In light of this phenomenon, it’s amazing that we can still struggle with the silence of institutions and organizations about injustice. It seems that while all the rage is to blab on incessantly in public, confessing every single thought of personal culpability, the exact opposite is true of corporate entities and churches. Silence is golden, it would seem. And sometimes, it’s just plain yellow.

I’m not sure how long it takes to learn this lesson. How many genocides, unjust wars and corrupt political regimes do we have to live through with consistent embarrassment about our culpability through silence? Besides Bonhoeffer and the small group of confessing churches in Nazi-era Germany, where was the prophetic witness of the church? Is it possible to believe that Christian churches en masse flew the Nazi flag and celebrated Nazi youth awards at Sunday school? Rwanda - where were we? South Africa - the church was the last institution (particularly in the west) to stand up publicly against apartheid - to our shame.

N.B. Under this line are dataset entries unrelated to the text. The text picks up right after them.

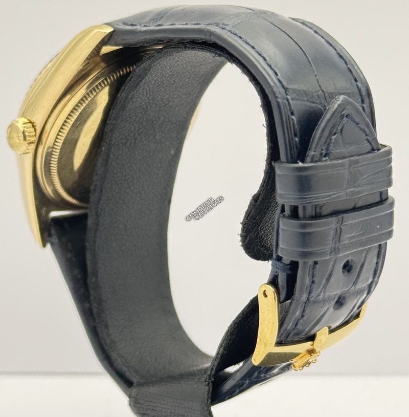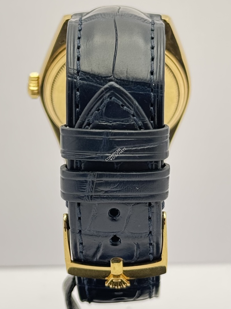 Bracelet : Montée sur un cuir bleu alligator, qui souligne élégamment l'or jaune du boîtier.
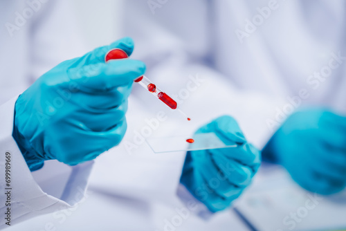 Professional scientists in lab working with blood samples. to find components in blood Ideas for inventing and researching drugs and viruses in blood system.
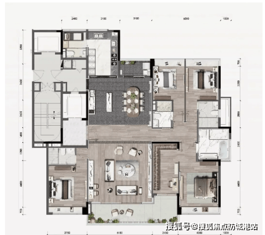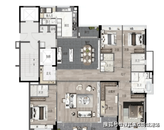 259㎡、290㎡户型主打高端改善,空间尺度升级,布局合理,动静分离,客厅采用大横厅设计,连接景观阳台,延伸空间视野,彰显大气格调;主卧配备独立卫浴、衣帽间与观景飘窗,兼具实用性与舒适性,次卧均为套房设计,满足多代同堂或亲友来访居住需求,同时预留书房、茶室等多功能空间,适配高端家庭多样化生活需求。
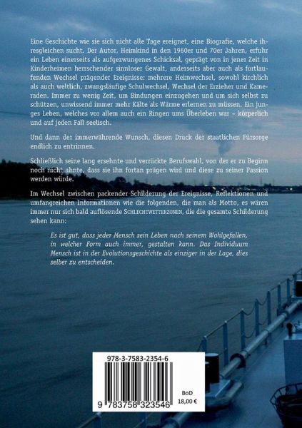 Eine Geschichte wie sie sich nicht alle Tage ereignet, eine Biografie, welche ihresgleichen sucht. Der Autor, Heimkind in den 1960er und 70er Jahren, erfuhr ein Leben einerseits als aufgezwungenes Schicksal, geprägt von in jener Zeit in Kinderheimen herrschender sinnloser Gewalt, anderseits aber auch als fortlaufenden Wechsel prägender Ereignisse: mehrere Heimwechsel, sowohl kirchlich als auch weltlich, zwangsläufige Schulwechsel, Wechsel der Erzieher und Kameraden. Immer zu wenig Zeit, um Bindungen einzugehen und um sich selbst zu schützen, unwissend immer mehr Kälte als Wärme erlernen zu müssen. Ein junges Leben, welches vor allem auch ein Ringen ums Überleben war - körperlich und auf jeden Fall seelisch.Und dann der immerwährende Wunsch, diesen Druck der staatlichen Fürsorge endlich zu entrinnen.Schließlich seine lang ersehnte und verrückte Berufswahl, von der er zu Beginn noch nicht ahnte, dass sie ihn fortan prägen wird und diese zu seiner Passion werden würde.Im Wechsel zwischen packender Schilderung der Ereignisse, Reflektionen und umfangreichen Informationen wie die folgenden, die man als Motto, es wären immer nur sich bald auflösende Schlechtwetterzonen, die die gesamte Schilderung sehen kann:"Es ist gut, dass jeder Mensch sein Leben nach seinem Wohlgefallen, in welcher Form auch immer, gestalten kann. Das Individuum Mensch ist in der Evolutionsgeschichte als einziger in der Lage, dies selber zu entscheiden."
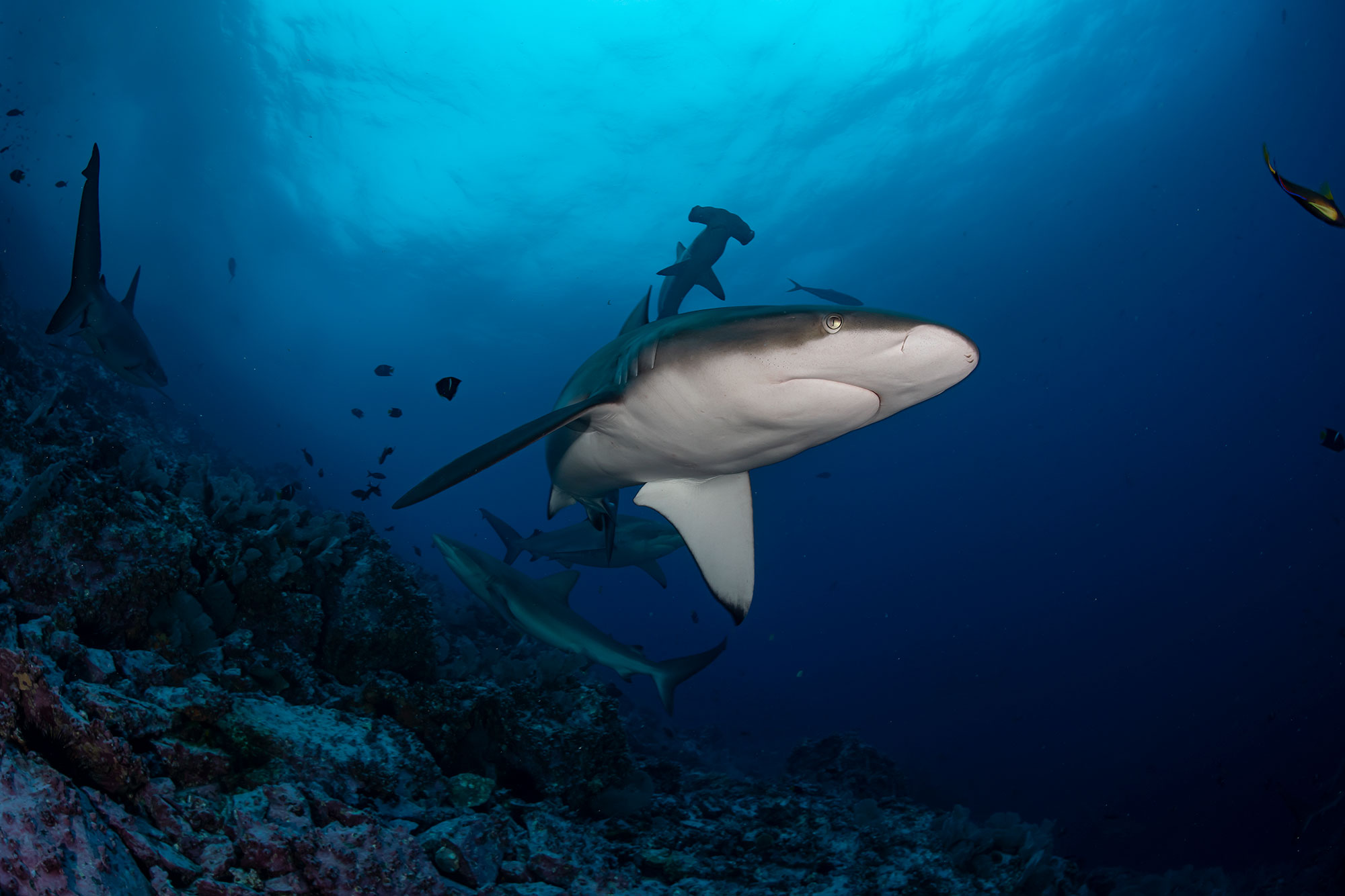 Neben Cocos Island, Gorgona Island und Galapagos gehört Malpelo in wissenschaftlichen Fachkreisen einem der bedeutendsten Hai Migrations Korridoren im Pazifik an.
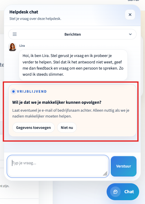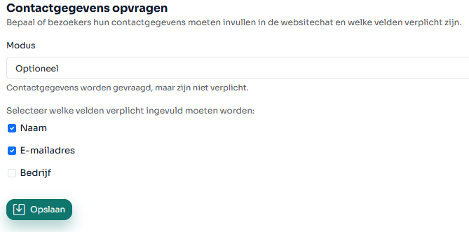 Tip: Als klanten hun gegevens invullen, worden ze automatisch als contactpersoon aangemaakt in je CRM en worden gesprekken aan hen gekoppeld. Dit maakt rapportage en opvolging een stuk eenvoudiger.

John Smith, an Australian Christian social reformer who wrote the book Sharpening the Cutting Edge, details one of his experiences in the Philippines. While the majority of the local Philippine people were suffering, the Lausanne World Conference of Evangelism was held in the region. Several of the conference leaders denied that those who were speaking out against the unjust political regime were giving any Christian witness.

Meanwhile, John Smith was arrested and sentenced to death (he escaped) for standing with local Philippine pastors in front of bulldozers about to ravish the houses of thousands of peasants for no good reason and with no legal rights. As a result of this incident, the evangelical community hosting the Lausanne Conference publicly denounced him - while holding their conference at the most expensive hotel in the Philippines. They wanted to distance themselves from the “agitators” and assured the Philippine authorities that Christians aren’t political.

Wow.

I suppose it’s difficult to navigate when to speak and what to say and how that will affect the people of our movement and the church in general. I know it is difficult, and yet isn’t it even more difficult to try and maintain a Christian prophetic witness when we’ve had no guts to stand up for the poor? When will we speak publicly against industries that continue to exploit the poor? When will churches and movements and denominations speak publicly against Zimbabwe and the oppression of current political figures? When will we declare that unjust trade practices are evil and wrong and worthy of judgment? Perhaps when we stop benefiting from them? I know it’s complex. I’m not a naïve idealist, just an idealist. But honestly, we need to leave the yellow cowardice of silence that begs God’s judgment upon us and find our voice and speak up for those who can’t speak for themselves.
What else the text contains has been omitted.